If this image of Overlanding appeals to you, then be thankful you live in Canada. We are blessed with so much easily accessible outdoors space that the pursuit of Overlanding puts virtually the whole country at your disposal.



Now, Overlanding (most likely) started with rooftop tents on 4WD trucks/SUVs. Personally, I’ve seen many versions of these, particularly in Africa at least a decade or so ago – then I saw them again in the western United States. I even attended an Overlanding expo in Northern California some years ago. Now this rooftop tent trend has been taken one step further and incorporated into the purpose-built Overlanding trailer.

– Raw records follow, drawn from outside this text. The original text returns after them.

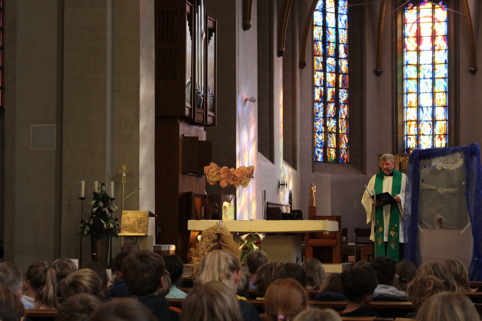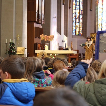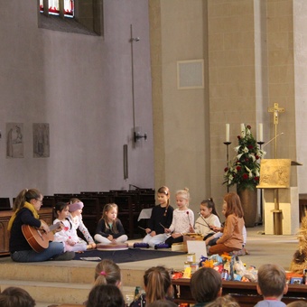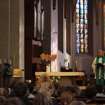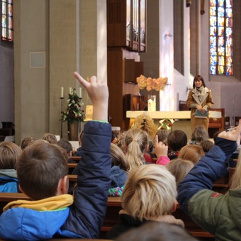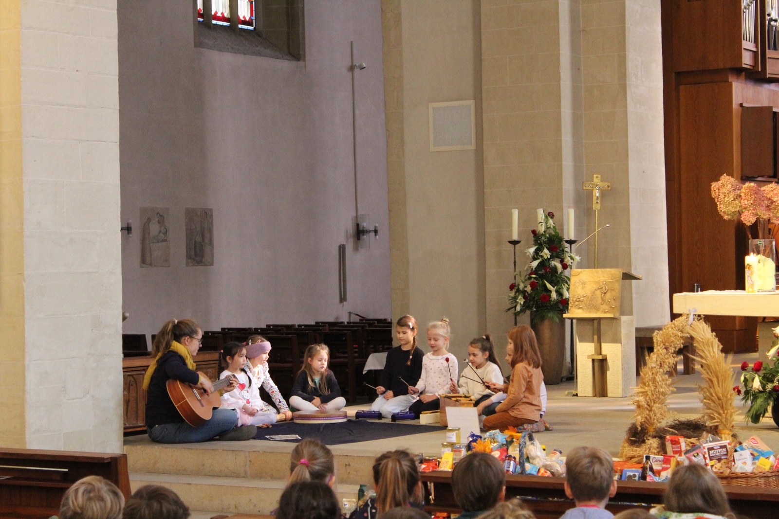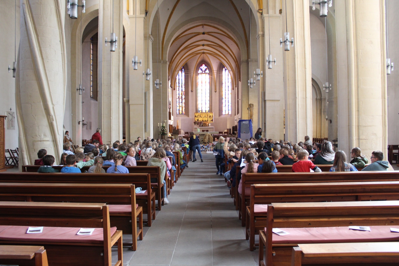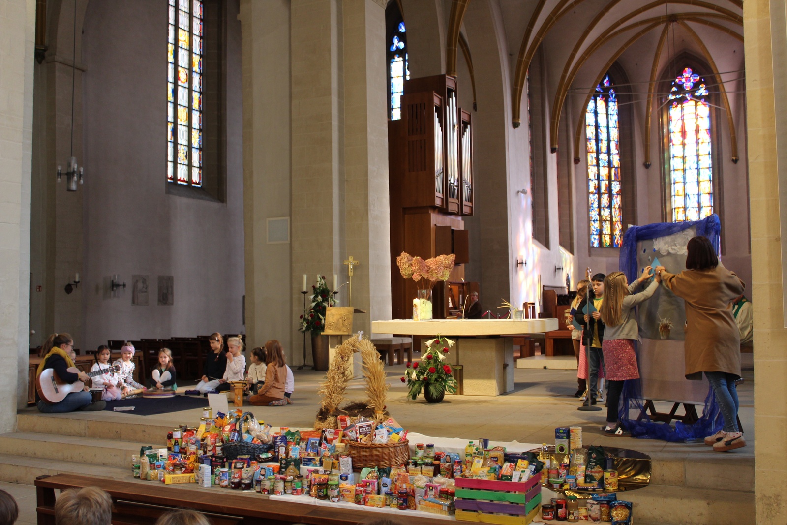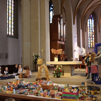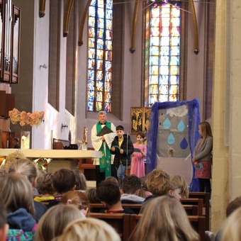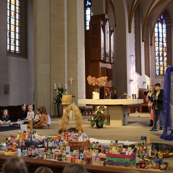 Am Donnerstag, 02.10.2025 feierte die Domgrundschule den Erntedank-Gottesdienst in der Kathedralpfarrei St. Sebastian. Die Erntekrone schmückte den Gabentisch, der, dank der Spenden der Kinder, prall gefüllt war.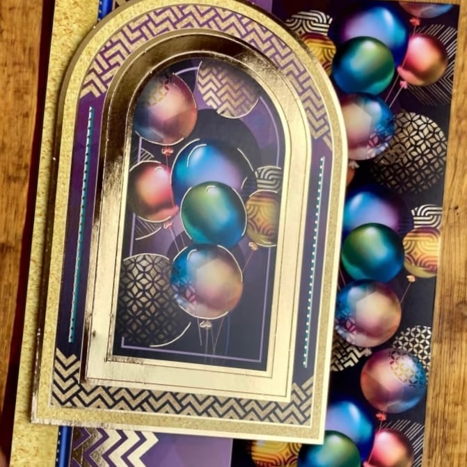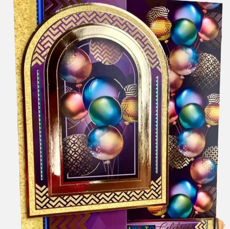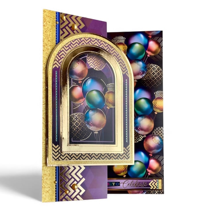 A striking 3D balloon topper with an elegant gold surround takes centre stage, while the phrase “Time to Celebrate” is beautifully applied in raised 3D lettering for added depth and impact. Finished with delicate gold faux pearls, this card perfectly blends fun, glamour, and sophistication.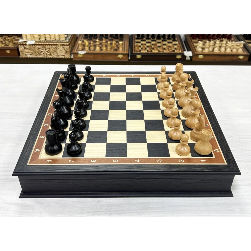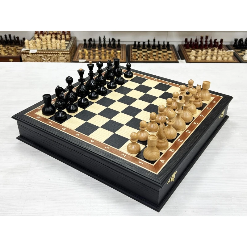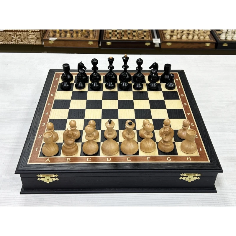 Шахматы в ларце из мореного дуба с утяжеленными фигурами из бука. Форма фигур советской эпохи 60-х годов. Шахматные фигуры с утяжелением для повышенной устойчивости. Размер доски 40 на 40 см.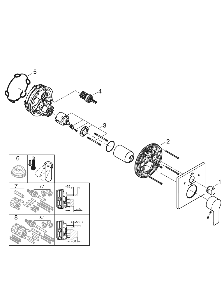 Afbouwdeel 3-Weg hard graphite geborsteld (mat donker grijs) Allure (Spa) Grohe

A company called TAXA recently sent us a news release showing off its newest Overlanding trailer, the ‘Mantis’. Reviewing said company’s website is what led to this blog post on Overlanding. TAXA’s website says they build trailers with everything you need – and nothing you don’t. Looking at the Mantis this statement proves true, in my opinion at least.



The Mantis is a 19-foot trailer that has space for four as well as a design that accommodates pets and adventure toys. Low roof access height is offset with a pop-up fabric tent-roof that is also optimal for ventilation when set up. The Mantis features 20 gallons of fresh water, a wet bath with cassette toilet, two-burner stove and a separate sink. But the key to an Overlanding trailer, or keys I should say, is twofold– low overall weight and high ride height. The Mantis has a dry weight of just 2,972 lb and also features a ground clearance of 14-inches, which is more than most factory-built trucks and SUVS.



This trailer also has a Timbren axle-less suspension (think four-corner independent automotive suspension), and thereby eliminating the full width of the axle, this trailer is much less likely to get hung up on rough terrain.



It also rides on Cooper Discoverer AT3, 16-inch tires that are rated for both on and off-road use. Another unique feature that bears mentioning is a ‘Lock ‘N’ Roll’ hitch. This articulating hitch has 360 degrees of rotation and 3-axis movement, giving you rough trail access as it won’t bind up when towed over uneven ground – this is something you can’t do with a standard ball hitch.

Inside the Mantis, the design is all about using every available inch of space and having design features that often serve more than one purpose. For instance, the open shelves are designed to accept milk crates. These stow securely yet can be removed to pack and unpack. Other spaces transform similarly – the dinette drops down to be a bunk or couch, ceiling mounted bunks can also be opened for use and stowed flat when not in use. There is even a mounting hookup for an indoor hammock for sleeping. Still not enough sleeping space? The Mantis has a separate optional rooftop tent available.



This model builds on the features of TAXA’s smaller trailers by offering more liveable accessories that make long-haul trips more comfortable. The 12V electrical system runs most everything. A wet bath with shower and cassette toilet is a definite step above hiking down to the creek and the A/C and furnace take the edge off both hot and cold weather – there’s is even a hot water tank.

While the Mantis is the largest and newest of TAXA’s trailers, they have seven models in all. The others are smaller, with descriptive names like Cricket and Woolly Bear. Its website is worth a look – if for no other reason than to really see what an Overlanding RV is and whether it suits the adventures you have planned in the future.